I know that a lot of us were pleased to see a member of the Christian clergy using her platform as an opportunity to speak truth to power – to plea for the vulnerable in a time of political transition. And it’s easy to imagine that we stand with Jesus in his Jubilee gospel of liberation for the oppressed and freedom to the captives. But before we get too proud of ourselves, I want to invite you to consider the people you really hate.
Don’t fool yourself and claim that there’s no one you hate. Of course there is. All of us have people that we just can’t stand, that we truly despise. Think about those people for a minute. Get specific. Who are your enemies? Think about the things they have done or are even still doing that make them so evil.
Now that you’ve got those people in mind, it’s easier to appreciate what a scandal it was when Jesus told his kin and neighbors in Nazareth: Those people who you hate? The kingdom is for them. God’s mercy is for them. The good news is to them. Jesus has come to save your enemies, to free them from darkness and make them whole.
The kingdom of God is about blessing those who curse us and praying for those who mistreat us. The kingdom of God is about a transformation so profound, so utterly upside-down that it begins with our enemies. They are the starting place.
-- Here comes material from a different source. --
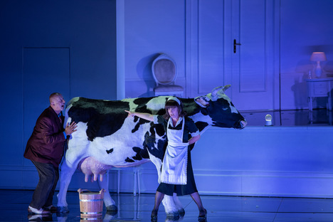 Comment représenter le sublime ? Que faire pour donner corps à la poésie ? De quelle manière incarner l’instant et chercher à le retenir, alors que tout dans sa nature le rend évanescent et fuyant ? Ce sont à la fois les questions centrales du livret du Chevalier à la rose et les défis qui se présentent pour tout metteur en scène qui s’y attelle. Damiano Michieletto semble avoir trouvé la clé, et elle est d’une simplicité déconcertante : écouter la musique, et se laisser guider par elle. C’est donc d’abord l’élan sublime du prélude et des longues plages contemplatives du 1er acte qui donnent le ton, et le metteur en scène se met au diapason : superbe décor aux couleurs délicieusement accordées, présence de trois niveaux scéniques, en écho aux entrelacs contrapuntiques de la partition, figurants en nombre et en grandes tenues, Maréchale et Octavian aussi beaux qu’amoureux. Mais de même que la comédie et le grotesque ne tardent pas à surgir sous la plume de Strauss et d’Hofmannstahl, les gags pleuvent dès qu’Ochs est sur scène, et la comédie reprend vite ses droits. L’arrivée de la vache et des fermières vaut au public de La Monnaie un éclat de rire comme on n’en avait pas entendu depuis longtemps en ces augustes murs. Tout au long des trois heures trente de spectacle, Michieletto navigue avec aisance entre les deux tons de la partition, créant une osmose parfaite entre ce que l’on voit et ce que l’on entend. Est-ce une conception « traditionnelle » de l’opéra ? On pourrait répondre par l’affirmative; surtout que l’Italien nous a habitués à des spectacles plus transgressifs (son Cav/Pag de La Monnaie en 2018 par exemple, ou son Guillaume Tell de Londres). On pourrait tout autant répondre non, en évoquant les idées qui ne manquent pas : le mari de la Maréchale apparaît à deux reprises. Loin du barbon qu’on s’imagine, c’est un homme d’une quarantaine d’années, portant plutôt bien mais rongé par les soucis, qui n’a d’autres défauts que de n’être plus aimé par sa femme. La présence de corbeaux (identifiés à la médisance?) au troisième acte est elle aussi une belle trouvaille. En bref, ce que Michieletto présente à Bruxelles est une sorte de synthèse idéale entre tradition et modernité, dont se détache quelque chose d’irrésistiblement apollinien.

So now we can understand a little better why they wanted to kill Jesus. And we have to ask ourselves the question, in all seriousness: How about us? Are we living in a spirit of murder, or are we ready to receive Jesus’ message of enemy-love?
What does it feel like for us to join Jesus’ Jubilee movement to cancel the debts and liberate the captives, knowing that many of those who will be blessed are the people we most despise?
What does it mean to embrace Jesus’ message, when the good news is to enemies first?
In this time of rising danger, curdling rage, and ideological combat, what does it mean to love our enemies, and bless those who persecute us?